→ **AIM OF THE TASK**: Pictures are to be left out, and only the lines from the one containing "As you can see, the" through the last line of the data are to be returned exactly.

→ **RECORDED INFORMATION**:
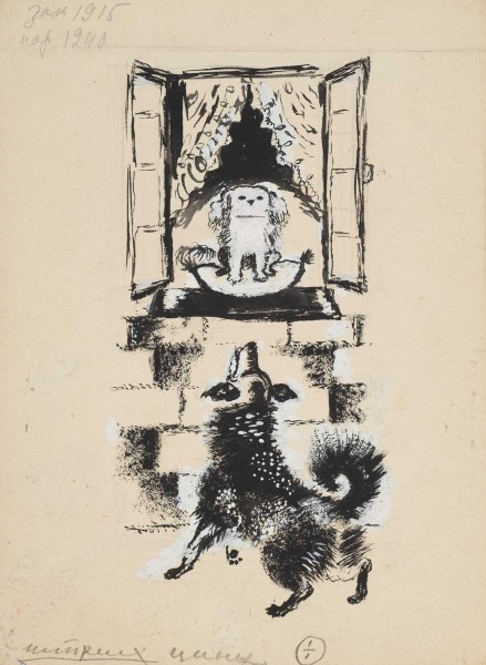 В рисунках же к басне Ивана Крылова «Две собаки» Ермолаева создает иллюстрации, напоминающие о прошедшей эпохе, стилизуя их под декоративный почерк художников школы «Мира искусства», таких как Александр Бенуа. Рисунки имеют «буржуазный» характер, столь порицаемый в эпоху соцреализма,— но того требует замысел Крылова. Благополучная Жужа и дворовый пес Барбос должны быть переданы максимально антагонистично: кудрявая болонка на шелковых подушках («и ем и пью на серебре») и промокшая дворняга из грязной подворотни («здесь под забором сплю и мокну под дождем»). Созданный Верой Ермолаевой визуальный контраст между персонажами прекрасно иллюстрирует замысел баснописца. Там же. С. 237.
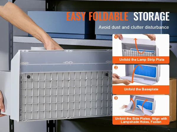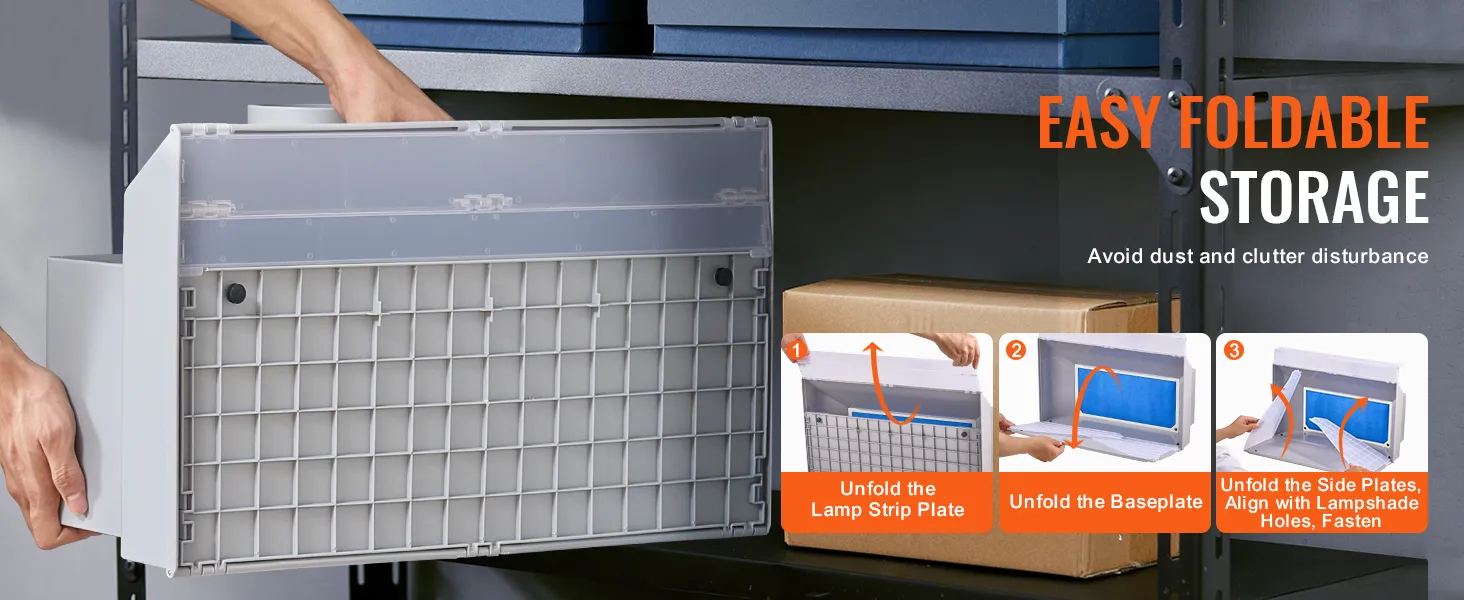 The unique foldable design transforms the spray booth airbrush into a handy carrying case, allowing you to travel easily without worrying about space and volume. When folded, its dimensions are 21.7 x 10.6 x 12.6 in / 55 x 27 x 32 cm, making it easy to store on a shelf or in a cabinet.
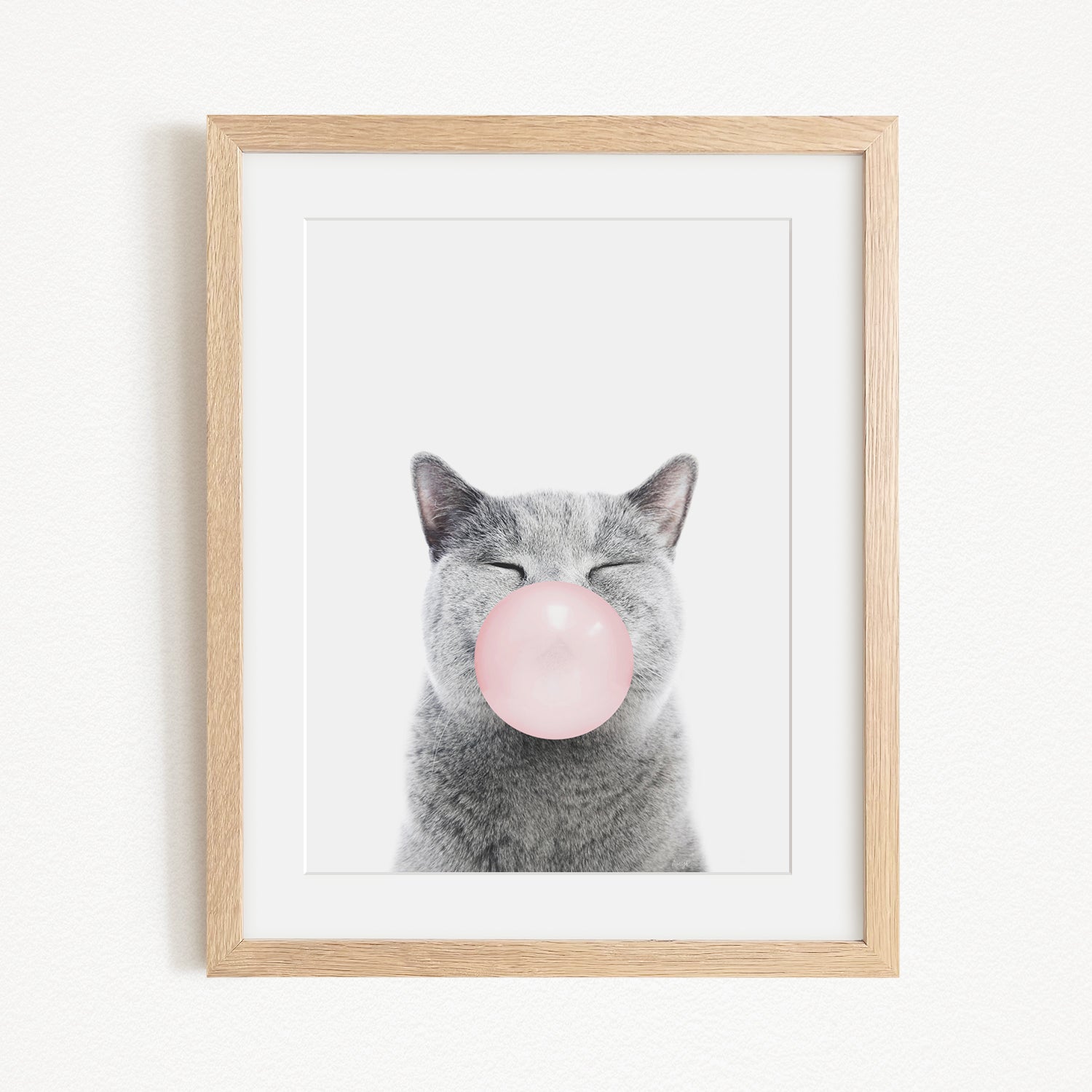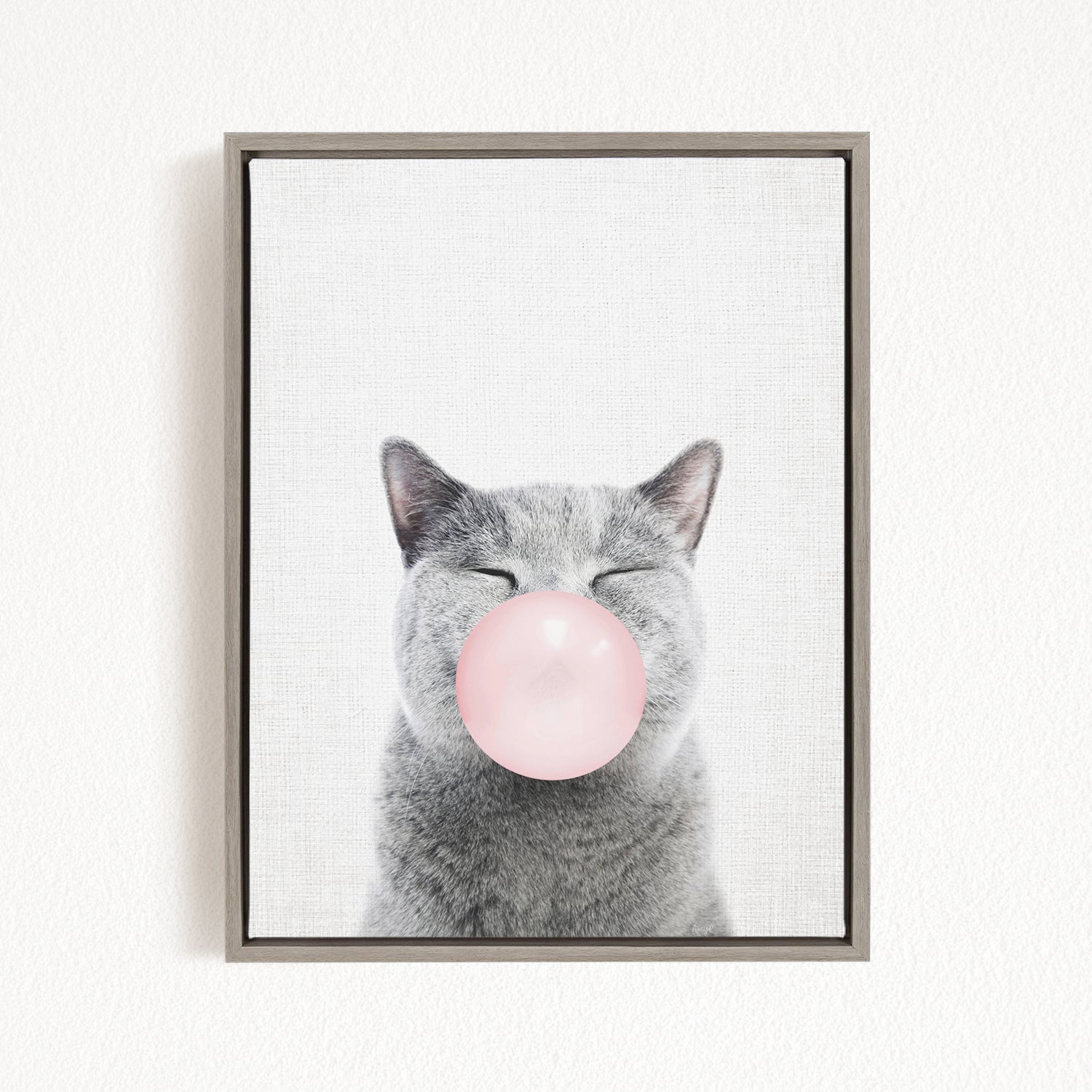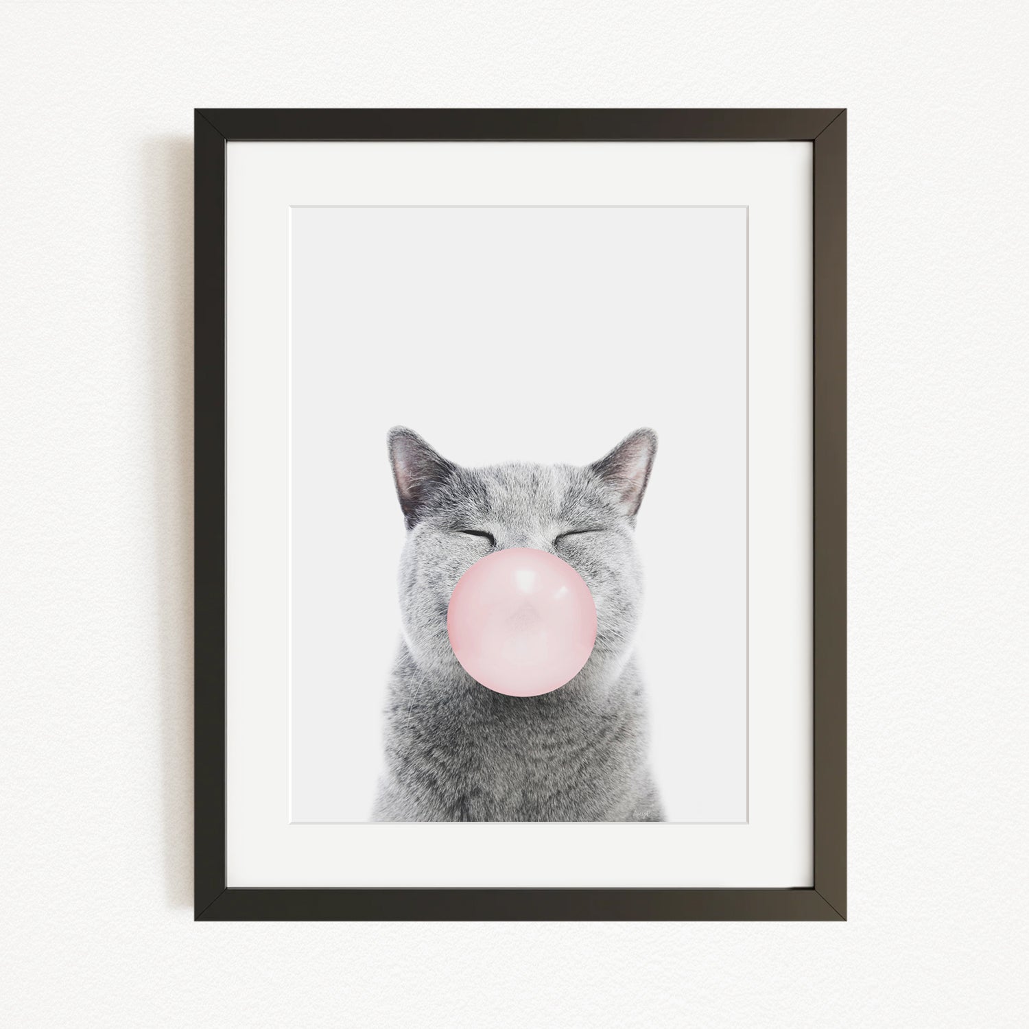 a gray cat blowing a bubble with a pink bubble gum bubble.
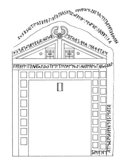 Script XF Broken Monument, facade No. 33, Midas City (Image: "Phrygian Rock Cut Shrines," Susanne Berndt-Ersöz, after Gabriel)
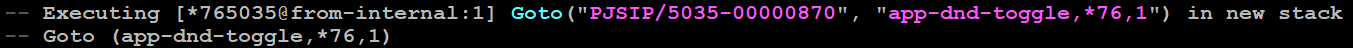 As you can see, the DND toggle switch sends the feature code (*76) and the extension (5035) from where we are setting the DND state.
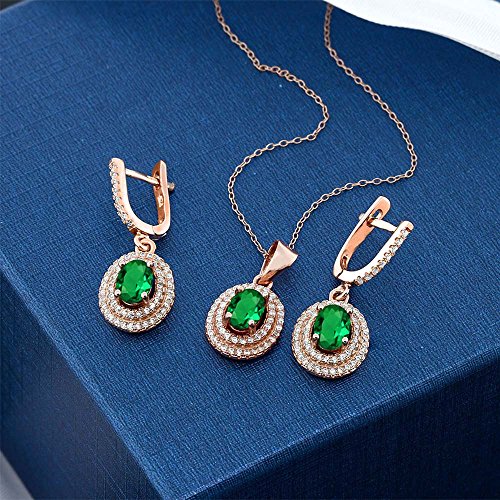 -. Title : 3.43 Ct Green Nano Emerald 925 Rose Gold Plated Silver Pendant Earrings Set

→ **RESPONSE TO THE EXERCISE**:
 As you can see, the DND toggle switch sends the feature code (*76) and the extension (5035) from where we are setting the DND state.
 -. Title : 3.43 Ct Green Nano Emerald 925 Rose Gold Plated Silver Pendant Earrings Set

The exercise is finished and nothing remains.